Une légende tenace affirme que les canuts auraient publiquement détruit la machine de Jacquard, craignant une perte massive d'emplois due à l’automatisation.

En réalité, cette anecdote est infondée. Bien que certains ouvriers aient initialement exprimé des craintes face à l'innovation technologique, le métier Jacquard s’est progressivement imposé sans engendrer de destruction publique ni d’hostilité durable envers son inventeur.

 

Conclusion

Les révoltes des canuts de 1831 et 1834 sont parmi les premières luttes ouvrières structurées en France. Elles illustrent la quête d’une reconnaissance sociale et d’une amélioration des conditions de travail, dans un contexte de mutations économiques et industrielles.

Si ces soulèvements furent brutalement réprimés, ils marquèrent un tournant majeur dans l’histoire des revendications ouvrières en France.
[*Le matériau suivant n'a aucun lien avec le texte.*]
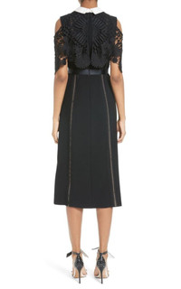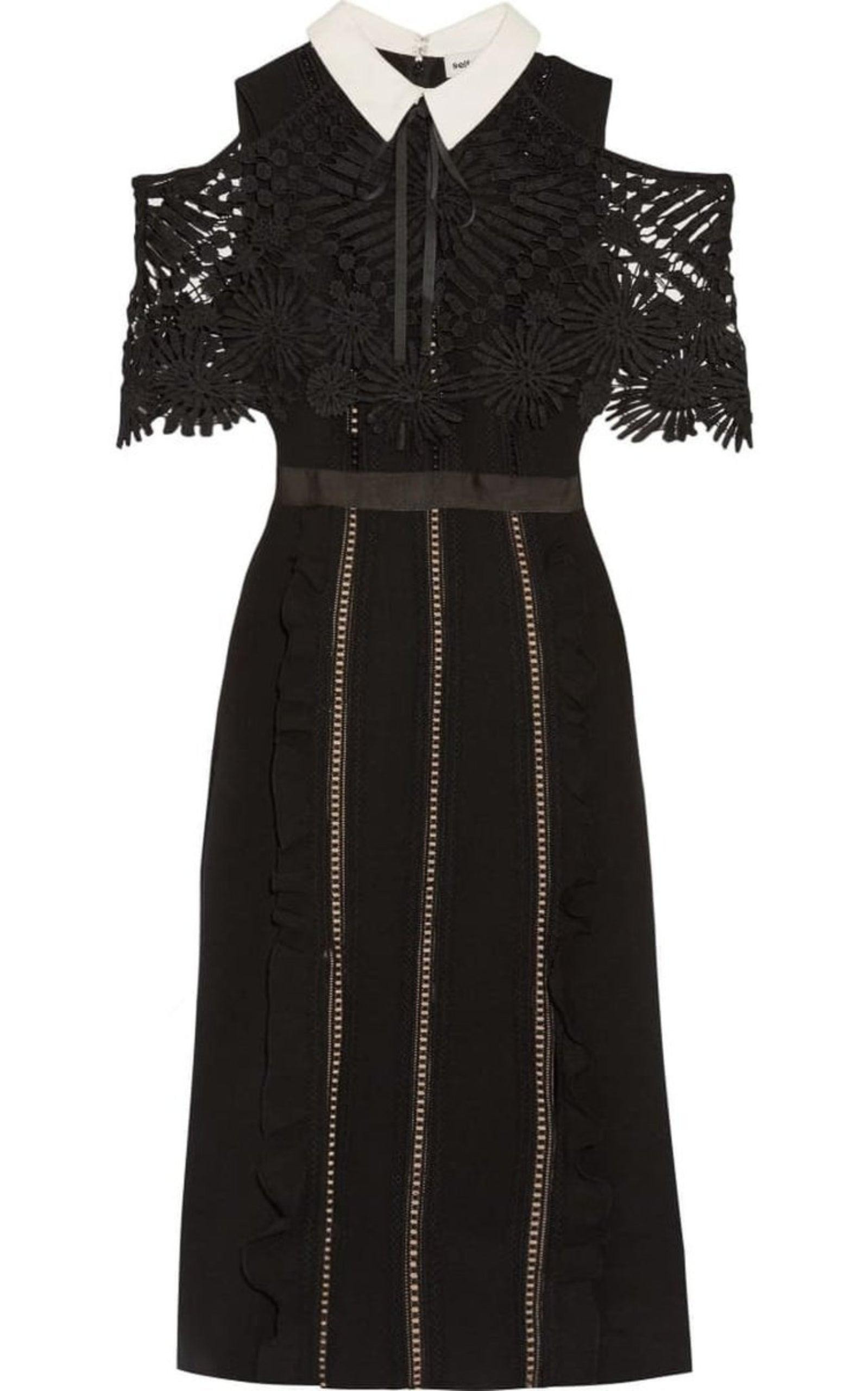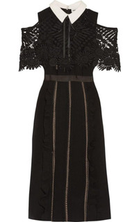 This 'Hinkley' design is cut from sculpting crepe with a contrasting white collar, guipure lace overlay and nipped-in waist. Lattice embroidery and ruffled trims enhance its feminine feel. Black crepe and guipure lace Concealed hook and zip fastening at back Fabric1: 76% polyester, 20% viscose, 4% elastane Fabric2: 100% polyester; trim: 99% cotton, 1% elastane Lining: 100% polyester Fits true to size Designed to be fitted at the bust and waist, slightly loose at the hip No bra is required due to the internal structure Mid-weight, non-stretchy fabric Dry clean
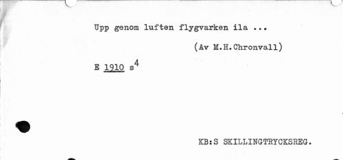//// Upp genom luften flygvarken ila //// (Av M.H.Chronvall) //// B 1910 s4 //// 4 //// KB:S SKILLINGTRYCKSREG. ////
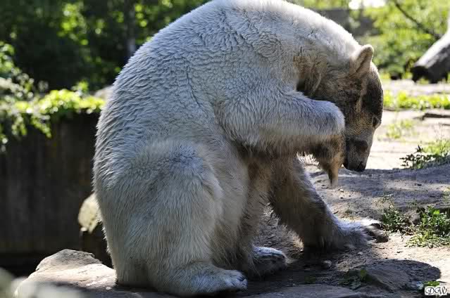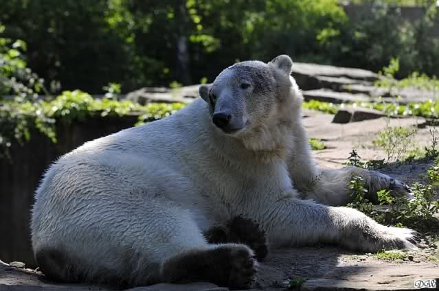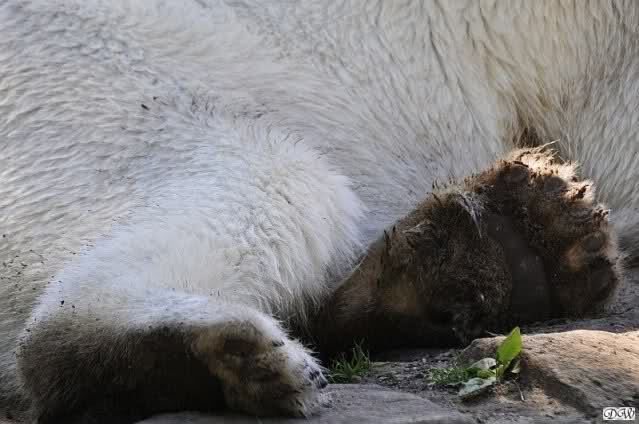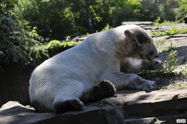 Knut ist jetzt schon sehr bewegungsfaul. Jedem anderen Tier, was so lange Krallen hat (weil es so wenig läuft, bzw. in dem Gehege laufen kann) wird eine Maniküre verordnet. Pfotenpflege ist sehr wichtig für alle Tiere, sonst klappt es mit dem Laufen irgendwann gar nicht mehr. Dann die Hitze im Sommer in den Gehegen ohne irgendwelche Möglichkeiten, sich zurück zu ziehen. Das ist Tierquälerei!!! Da müßte sich PETA einschalten.
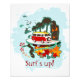 Eine unterhaltsame und moderne Illustration einer tropischen Strandlandschaft mit Palmen, Ozeansurfen mit Surfern, eine schöne, mit Bikini verkleidete Frau, wunderschöne Blume und einen alten Hippie-Bus. Das Hotel liegt sehr zentral und trotzdem ruhig.
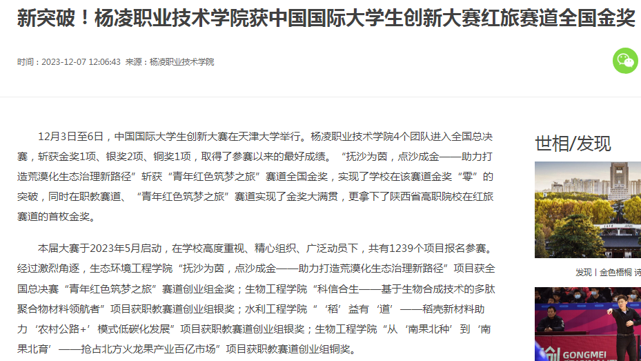 12月3日至6日,中国国际大学生创新大赛在天津大学举行。杨凌职业技术学院4个团队进入全国总决赛,斩获金奖1项、银奖2项、铜奖1项,取得了参赛以来的最好成绩。“抚沙为茵,点沙成金——助力打造荒漠化生态治理新路径”斩获“青年红色筑梦之旅”赛道全国金奖,实现了学校在该赛道金奖“零”的突破,同时在职教赛道、“青年红色筑梦之旅”赛道实现了金奖大满贯,更拿下了陕西省高职院校在红旅赛道的首枚金奖。
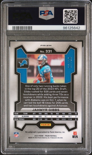2023 Panini Prizm Jahmyr Gibbs Autograph-No Huddle Gold /10
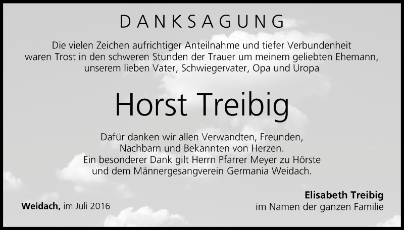 Hier finden Sie alle Traueranzeigen aus der Zeitung, die bisher für Horst Treibig erschienen sind. Weitere Traueranzeigen, die in der Zeitung erscheinen, werden hier ebenfalls aufgelistet
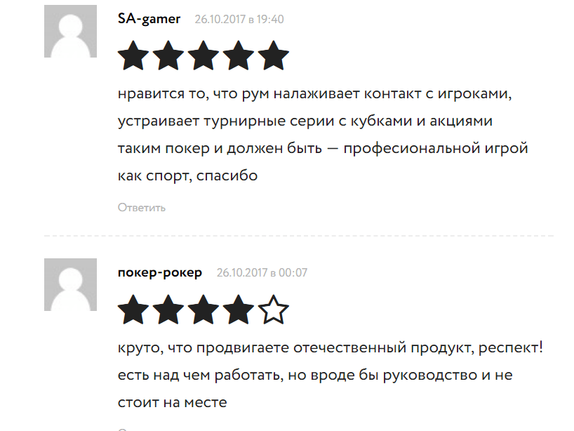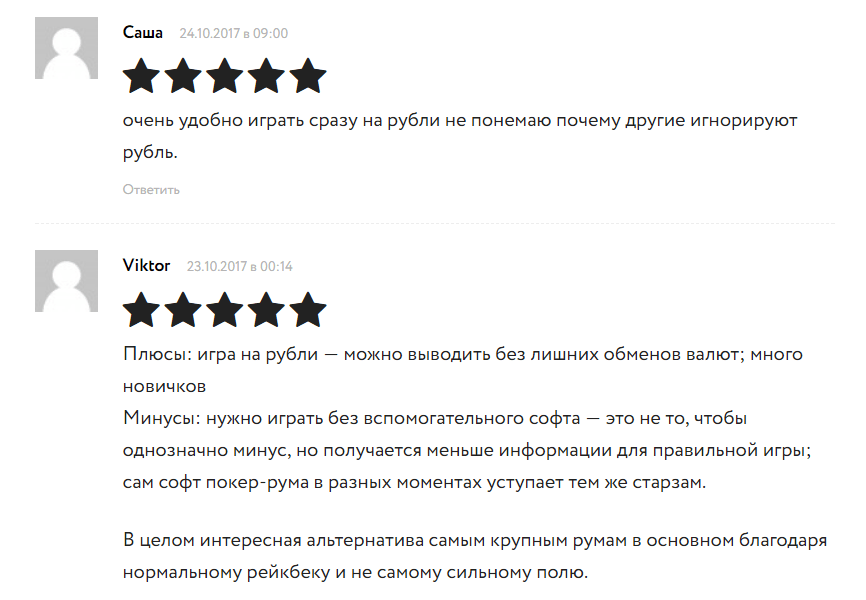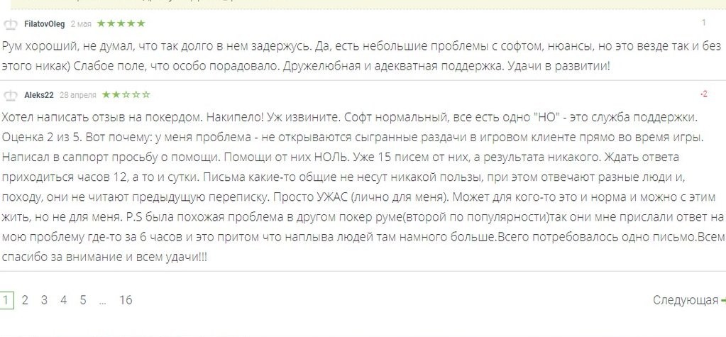 Нравится пользователям и система рейк-бека, однако отыгрыш бонуса за первое пополнение у некоторых игроков, вызывает возмущение, несмотря на то, что подобные условия практикуют почти все покерные сайты.
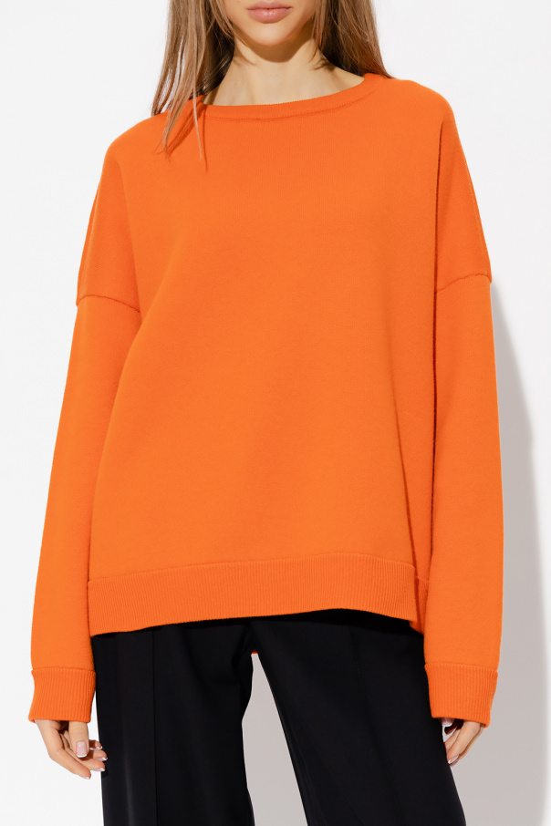 Orange loose-fitting sweater from Loewe. Made of cashmere, this design features a patch with an embossed Anagram and ribbed trims at the round neck, hem and cuffs.

Enfin, la relation entre Joseph-Marie Jacquard et les canuts demeure souvent mal comprise. Loin d’être un ennemi des ouvriers, Jacquard fut un innovateur dont l’invention façonna durablement l’industrie textile lyonnaise.

Aujourd’hui, les révoltes des canuts restent un symbole fort de la lutte sociale et de la résistance ouvrière, dont l’héritage résonne encore dans l’histoire contemporaine.